Multibillion Dollar Robotics Grant Rescinded After Prototype Fails The “Can You Fuck It?” Test
| Published Jan 26, 2010
Above: Roger Klemmensworth, U.S Robotics Collation secretary, takes meticulous notes on the military prototype’s capabilities and also whether or not you can fuck it.
Photo illustration by Egon Sinclair.
Although the vehicle would undoubtedly save hundreds of soldiers' lives if implemented, the USRC guidelines cannot be circumvented. As of last month, any robotics patent hoping to qualify for government funding must merit a “yes” when asked the following questions:
1.) “Will it unarguably improve the quality of human life?”
2.) “Do the benefits of proper use outweigh the dangers of improper use?”
3.) “Can it be posed for some bitchin' PR shots?”
4.) “Can you fuck it?”
The fourth item on the list originally read “Will it ever love me?”, but was later modified after a USRC panel claimed it felt such a standard would compel machinists to invent the “wrong sort of robot.”
“Robotics is a very expensive industry, both in terms of parts and labor,” said USRC president Titania Groves. “We need to be certain the billions of dollars in taxpayer money being spent cultivates technologies that will better the whole of humanity, and that can be fucked completely senseless, eight days a week.”
The impetus for the new four-question vetting system was the widely publicized disaster, the Segway, which neither revolutionized human transit, nor provided users “some o' dat satisfaction.”

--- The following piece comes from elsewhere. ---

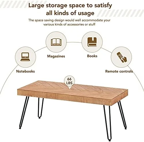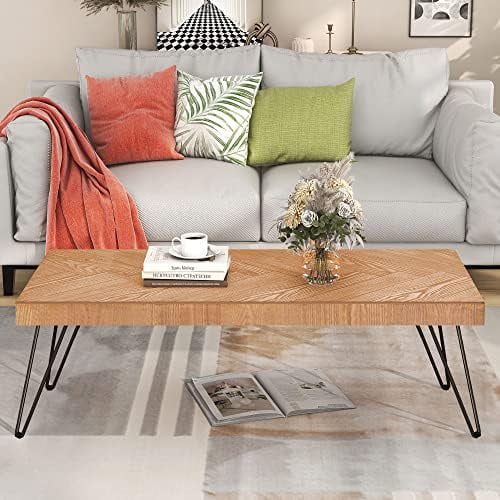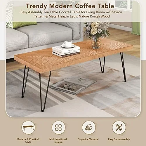 xrboomlife Modern Coffee Table Easy Assembly Tea Table Thicken Cocktail Table with w/Chevron Pattern & Metal Hairpin Legs for Living Room Ash Wood Finished (Natural) - Curated Treasures Market

“Yes, we're aware the Segway is unable to climb stairs, and that also you can't have sex with it,” said inventor Dean Kamen. “But moreover, I regret that my creation led to thousands of police officers nationwide losing the respect of their communities, to say nothing of spawning hundreds of hack comedy writers who now think the word Segway in and of itself constitutes a punchline.”
“Seriously, I hate those guys,” he added. “Thinkin' they're all clever with their stupid, raggedy-ass beards and lame haircuts they probably did themselves.”
Although the S.C.O.U.T. design team and the USRC both agreed all satirists should be lined up and shot, that quickly proved to be their only common ground. Heated words were exchanged, forever ruining several careers.
“Okay, fine! Fine,” shouted head engineer Thomas Djibinski following his third meeting with the USRC board of directors. “We'll rip out the on-board navigation matrix – which may I remind you is capable of detecting all lifeforms within 200 yards through thermal resonance imaging and then identifying them as friend, foe or neutral by scanning for special microchips that will come standard issue in all U.S. dog tags by 2011 – and put in a Fleshlight instead. Happy now? Jesus!”
Djibinski was unavailable for further comment, his time occupied with the tireless testing of the USRC guideline-friendly S.C.O.U.T. model.